Google's (NASDAQ: GOOG) YouTube appears to be leading the charge toward improved ad viewability -- a key metric determining whether an ad was actually watched by a human being -- reporting 93 percent viewability in a new study by the search engine giant. But overall ad viewability rates are still lower in the United States, at 62 percent, than in other countries, a new Google study reveals.
YouTube's jump in viewability has translated into higher programmatic ad revenues, at least according to Google's own study of its ad platforms including Double Click. Programmatic buying on the ad-supported side of YouTube increased 55 percent month over month beginning in September 2015.

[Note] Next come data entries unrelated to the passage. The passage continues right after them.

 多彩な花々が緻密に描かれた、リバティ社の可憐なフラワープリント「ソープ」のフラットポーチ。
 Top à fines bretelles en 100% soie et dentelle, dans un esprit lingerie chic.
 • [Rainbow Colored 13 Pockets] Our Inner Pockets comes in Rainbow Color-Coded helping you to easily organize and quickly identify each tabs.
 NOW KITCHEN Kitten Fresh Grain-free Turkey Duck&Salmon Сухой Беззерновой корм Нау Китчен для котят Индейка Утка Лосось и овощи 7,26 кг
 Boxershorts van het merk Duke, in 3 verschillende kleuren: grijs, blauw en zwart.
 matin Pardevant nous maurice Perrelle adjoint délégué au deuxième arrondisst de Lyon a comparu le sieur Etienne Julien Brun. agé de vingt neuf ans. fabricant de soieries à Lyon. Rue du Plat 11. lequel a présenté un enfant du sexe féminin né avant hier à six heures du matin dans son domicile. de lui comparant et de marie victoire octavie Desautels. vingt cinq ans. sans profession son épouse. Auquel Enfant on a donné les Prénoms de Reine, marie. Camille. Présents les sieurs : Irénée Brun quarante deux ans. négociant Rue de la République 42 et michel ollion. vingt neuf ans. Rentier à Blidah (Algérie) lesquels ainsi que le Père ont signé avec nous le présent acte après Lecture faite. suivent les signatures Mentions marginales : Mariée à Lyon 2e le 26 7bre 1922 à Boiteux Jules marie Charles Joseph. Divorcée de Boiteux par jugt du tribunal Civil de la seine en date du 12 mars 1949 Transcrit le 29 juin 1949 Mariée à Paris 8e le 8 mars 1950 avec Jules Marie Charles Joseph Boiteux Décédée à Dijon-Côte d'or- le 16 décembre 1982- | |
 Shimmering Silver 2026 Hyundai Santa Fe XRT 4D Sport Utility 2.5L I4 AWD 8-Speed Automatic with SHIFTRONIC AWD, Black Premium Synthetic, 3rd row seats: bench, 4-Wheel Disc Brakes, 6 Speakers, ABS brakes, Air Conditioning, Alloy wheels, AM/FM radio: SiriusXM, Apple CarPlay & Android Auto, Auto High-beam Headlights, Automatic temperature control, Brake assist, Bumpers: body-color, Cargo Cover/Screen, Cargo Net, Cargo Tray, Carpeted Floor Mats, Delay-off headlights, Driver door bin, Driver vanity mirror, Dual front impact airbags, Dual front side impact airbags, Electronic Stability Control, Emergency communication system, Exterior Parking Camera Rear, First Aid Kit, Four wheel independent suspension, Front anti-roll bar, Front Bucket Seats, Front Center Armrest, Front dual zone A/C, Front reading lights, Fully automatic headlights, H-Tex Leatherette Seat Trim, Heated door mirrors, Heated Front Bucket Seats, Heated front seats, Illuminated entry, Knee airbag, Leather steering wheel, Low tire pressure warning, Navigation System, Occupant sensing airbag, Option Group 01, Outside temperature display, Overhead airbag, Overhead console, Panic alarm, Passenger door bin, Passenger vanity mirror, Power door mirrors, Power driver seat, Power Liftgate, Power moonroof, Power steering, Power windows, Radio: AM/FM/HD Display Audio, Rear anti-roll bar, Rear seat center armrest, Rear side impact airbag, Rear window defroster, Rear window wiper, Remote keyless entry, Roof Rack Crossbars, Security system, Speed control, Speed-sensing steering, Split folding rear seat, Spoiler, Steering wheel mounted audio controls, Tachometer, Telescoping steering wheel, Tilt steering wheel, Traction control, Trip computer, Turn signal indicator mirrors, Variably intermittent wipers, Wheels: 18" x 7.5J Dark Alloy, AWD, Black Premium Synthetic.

Reducing ad fraud from bots, filtering spam and making ads easier to view on a web page – all components of improved viewability – has gotten better year over year. YouTube's industry-topping level is 2 percent higher than it was in 2015. Outside YouTube, video ads on the web and on apps were viewable 66 percent of the time, up from 54 percent in 2015.

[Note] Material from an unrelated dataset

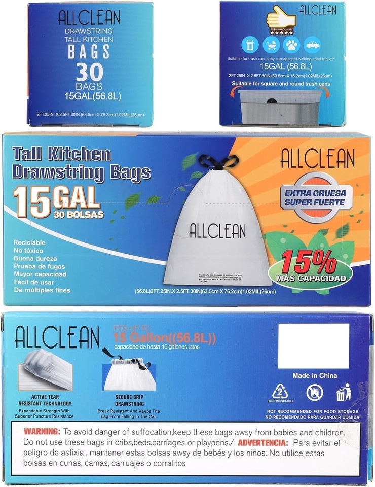 Includes 30 translucent bags with black drawstrings, measuring 2 ft by 2.5 ft. Ideal for reducing trash time and maintaining hygiene.

"While video viewability is increasing, there are significant variations by platform, market, and player size. To drive impact, advertisers should choose exchanges with high viewability and access to large player sizes," the report said.
Google's metrics were based on Media Ratings Council guidelines that rate an ad as viewable when more than 50 percent of the ad is in view for a minimum of two continuous seconds.

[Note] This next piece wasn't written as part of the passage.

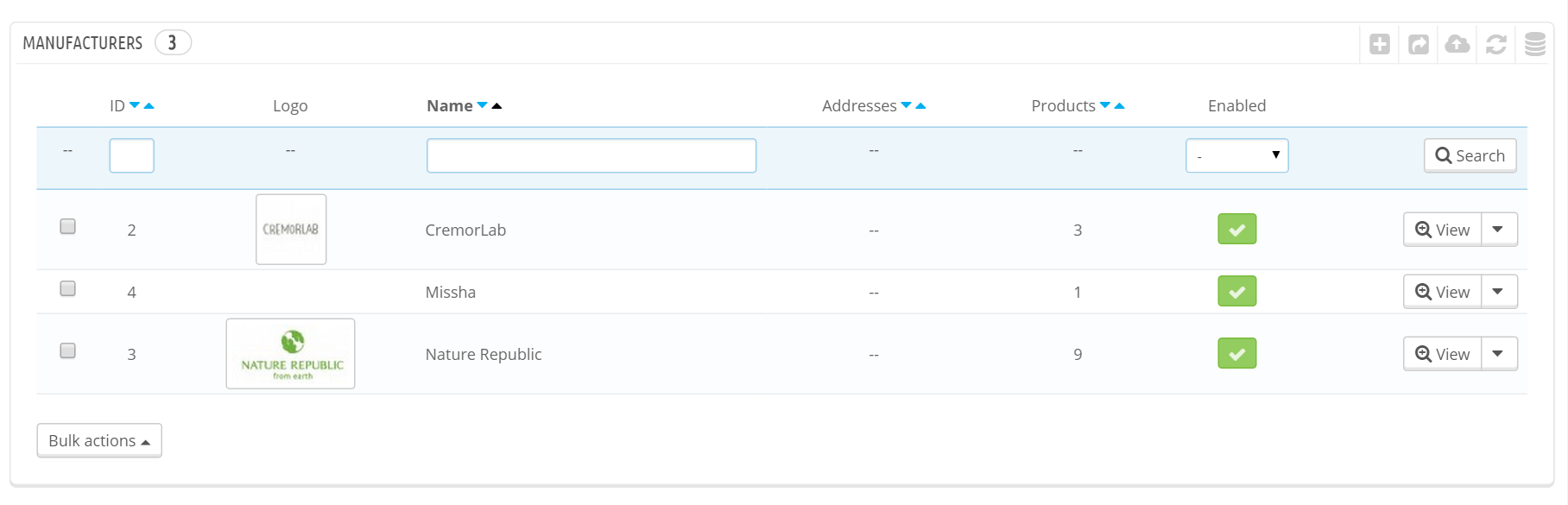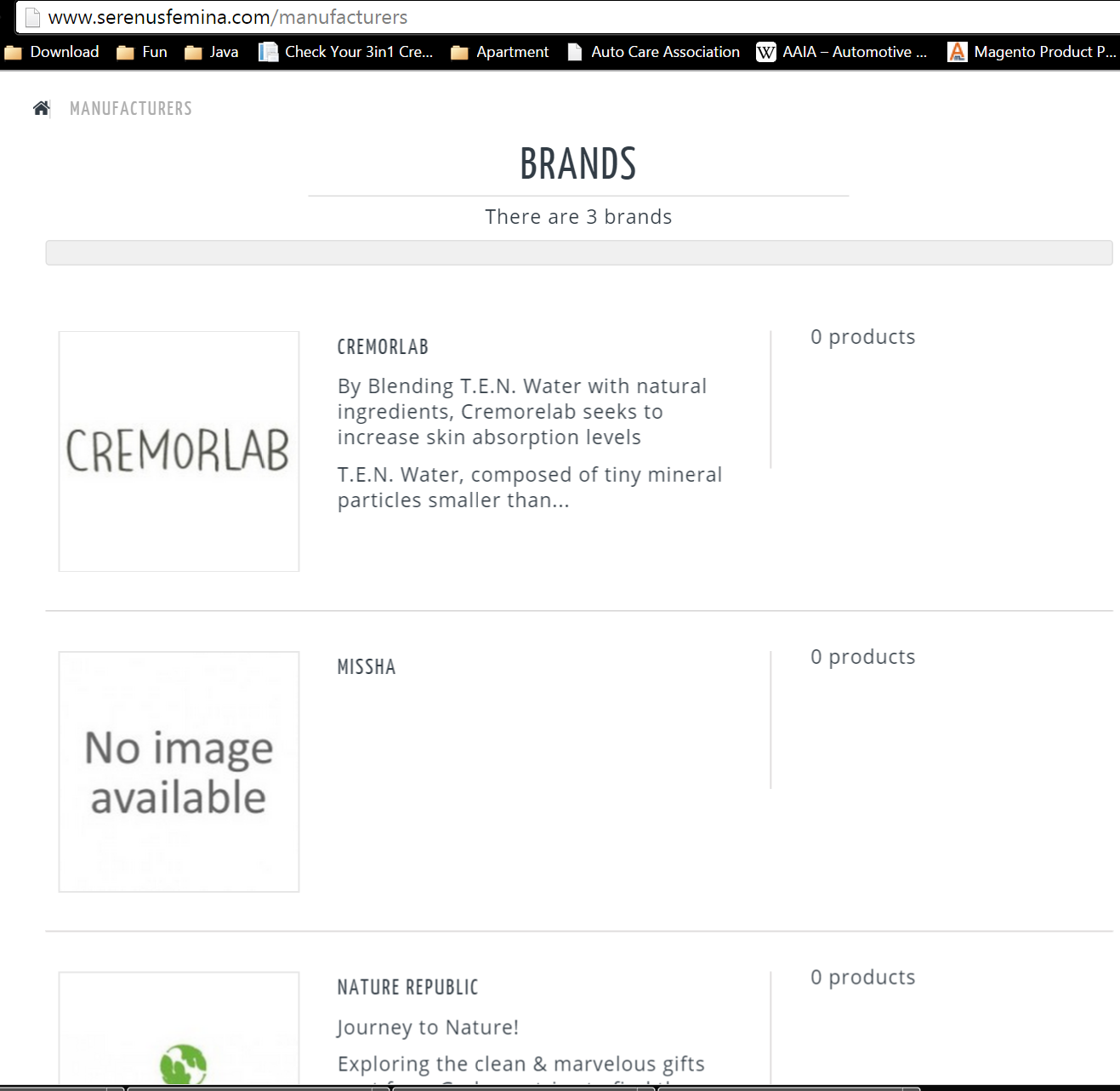 jkbae Posted May 4, 2015 Share Posted May 4, 2015 Hello, The product shows in the manufacture list in the back end, but it will not show on the front end. No matter what I do in the front side it displays "0" I have talked with the developer and he has no idea, and suggested me to try the forum. Please help me with this problem Link to manufacturers list: http://www.serenusfe...m/manufacturers Screen shots of problem: Backend Frontend Here is the: manufacturer-list.tpl {* * 2007-2014 PrestaShop * * NOTICE OF LICENSE * * This source file is subject to the Academic Free License (AFL 3.0) * that is bundled with this package in the file LICENSE.txt. * It is also available through the world-wide-web at this URL: * http://opensource.or...ses/afl-3.0.php * If you did not receive a copy of the license and are unable to * obtain it through the world-wide-web, please send an email * to [email protected] so we can send you a copy immediately. * * DISCLAIMER * * Do not edit or add to this file if you wish to upgrade PrestaShop to newer * versions in the future. If you wish to customize PrestaShop for your * needs please refer to http://www.prestashop.com for more information. * * @author PrestaShop SA <[email protected]> * @copyright 2007-2014 PrestaShop SA * @license http://opensource.or...ses/afl-3.0.php Academic Free License (AFL 3.0) * International Registered Trademark & Property of PrestaShop SA *} {capture name=path}{l s='Manufacturers'}{/capture} <div id="pagetab"> <h1 class="page-heading product-listing">{l s='Brands'}</h1> {strip} <p> {if $nbManufacturers == 0}{l s='There are no manufacturers.'} {else} {if $nbManufacturers == 1} {l s='There is 1 brand'} {else} {l s='There are %d brands' sprintf=$nbManufacturers} {/if} {/if} </p> {/strip} </div> {if isset($errors) AND $errors} {include file="$tpl_dir./errors.tpl"} {else} {if $nbManufacturers > 0} <div class="content_sortPagiBar"> <div class="sortPagiBar clearfix"> {if isset($manufacturer) && $manufacturer.nb_products > 0} <ul class="display hidden-xs"> <li class="display-title"> {l s='View:'} </li> <li id="grid"> <a rel="nofollow" href="#" title="{l s='Grid'}"> <i class="icon-th-large"></i>{l s='Grid'} </a> </li> <li id="list"> <a rel="nofollow" href="#" title="{l s='List'}"> <i class="icon-th-list"></i>{l s='List'} </a> </li> </ul> {/if} {include file="./nbr-product-page.tpl"} </div> <div class="top-pagination-content clearfix bottom-line"> {include file="$tpl_dir./pagination.tpl"} </div> </div> <!-- .content_sortPagiBar --> {assign var='nbItemsPerLine' value=3} {assign var='nbItemsPerLineTablet' value=2} {assign var='nbLi' value=$manufacturers|@count} {math equation="nbLi/nbItemsPerLine" nbLi=$nbLi nbItemsPerLine=$nbItemsPerLine assign=nbLines} {math equation="nbLi/nbItemsPerLineTablet" nbLi=$nbLi nbItemsPerLineTablet=$nbItemsPerLineTablet assign=nbLinesTablet} <ul id="manufacturers_list" class="list row"> {foreach from=$manufacturers item=manufacturer name=manufacturers} {math equation="(total%perLine)" total=$smarty.foreach.manufacturers.total perLine=$nbItemsPerLine assign=totModulo} {math equation="(total%perLineT)" total=$smarty.foreach.manufacturers.total perLineT=$nbItemsPerLineTablet assign=totModuloTablet} {if $totModulo == 0}{assign var='totModulo' value=$nbItemsPerLine}{/if} {if $totModuloTablet == 0}{assign var='totModuloTablet' value=$nbItemsPerLineTablet}{/if} <li class="{if $smarty.foreach.manufacturers.iteration%$nbItemsPerLine == 0} last-in-line{elseif $smarty.foreach.manufacturers.iteration%$nbItemsPerLine == 1} first-in-line{/if} {if $smarty.foreach.manufacturers.iteration > ($smarty.foreach.manufacturers.total - $totModulo)}last-line{/if} {if $smarty.foreach.manufacturers.iteration%$nbItemsPerLineTablet == 0}last-item-of-tablet-line{elseif $smarty.foreach.manufacturers.iteration%$nbItemsPerLineTablet == 1}first-item-of-tablet-line{/if} {if $smarty.foreach.manufacturers.iteration > ($smarty.foreach.manufacturers.total - $totModuloTablet)}last-tablet-line{/if}{if $smarty.foreach.manufacturers.last} item-last{/if} col-xs-12"> <div class="mansup-container animated bounceIn" style="visibility: visible;"> <div class="row"> <div class="left-side col-xs-12 col-sm-3"> <div class="logo"> {if $manufacturer.nb_products > 0} <a class="lnk_img" href="{$link->getmanufacturerLink($manufacturer.id_manufacturer, $manufacturer.link_rewrite)|escape:'html':'UTF-8'}" title="{$manufacturer.name|escape:'html':'UTF-8'}" > {/if} <img src="{$img_manu_dir}{$manufacturer.image|escape:'html':'UTF-8'}-medium_default.jpg" alt="" /> {if $manufacturer.nb_products > 0} </a> {/if} </div> <!-- .logo --> </div> <!-- .left-side --> <div class="middle-side col-xs-12 col-sm-5"> <h3> {if $manufacturer.nb_products > 0} <a class="product-name" href="{$link->getmanufacturerLink($manufacturer.id_manufacturer, $manufacturer.link_rewrite)|escape:'html':'UTF-8'}"> {/if} {$manufacturer.name|truncate:60:'...'|escape:'html':'UTF-8'} {if $manufacturer.nb_products > 0} </a> {/if} </h3> <div class="description rte"> {$manufacturer.description|truncate:180:'...'} </div> </div> <!-- .middle-side --> <div class="right-side col-xs-12 col-sm-4"> <div class="right-side-content"> <p class="product-counter"> {if $manufacturer.nb_products > 0} <a href="{$link->getmanufacturerLink($manufacturer.id_manufacturer, $manufacturer.link_rewrite)|escape:'html':'UTF-8'}"> {/if} {if $manufacturer.nb_products == 1} {l s='%d product' sprintf=$manufacturer.nb_products|intval} {else} {l s='%d products' sprintf=$manufacturer.nb_products|intval} {/if} {if $manufacturer.nb_products > 0} </a> {/if} </p> {if $manufacturer.nb_products > 0} <a class="btn btn-default button exclusive-medium" href="{$link->getmanufacturerLink($manufacturer.id_manufacturer, $manufacturer.link_rewrite)|escape:'html':'UTF-8'}"> <span> <i class="icon-reorder left"></i> {l s='view products'} </span> </a> {/if} </div> </div> <!-- .right-side --> </div> </div> </li> {/foreach} </ul> <div class="content_sortPagiBar"> <div class="

Ad platform vendors are continuing to add new technologies to circumvent at least one viewability issue: ad blocking by browser users. This week, Ooyala announced its own SSAI (server-side ad insertion) solution, integrated with Ooyala Live and its Ooyala Pulse ad-serving platform. The proprietary solution not only enables publishers to merge advertising into a single video stream, but also offers a degree of personalization tailored to the user based on various data points.
Ooyala's increased focus on proprietary technology, and Google's continuing interest in the quality and viewability of ads, reflects the immense importance tied to online advertising. For example, AT&T is upping its stake in the multiscreen advertising game, prompted by its acquisition of DirecTV. The service provider has beefed up its targeted television and video advertising, The Wall Street Journal reports, and its AdWorks division currently has annualized revenues of more than $1 billion.
The increased focus on advertising may not be surprising considering the investments AT&T (NYSE: T) has made over the past couple of years via its joint venture with The Chernin Group, Otter Media. Online video services such as Fullscreen and Crunchyroll are part of that JV. And in the fourth quarter, AT&T plans to launch three OTT services. AT&T also runs video ads on mobile apps via a partnership with Opera Mediaworks.
And AT&T is just one provider for whom more reliable programmatic advertising is of critical importance financially. As Verizon and T-Mobile continue touting their respective mobile-first offerings, and as media companies, studios and networks consider bringing their content directly to the consumer, ad-supported video continues to draw their attention.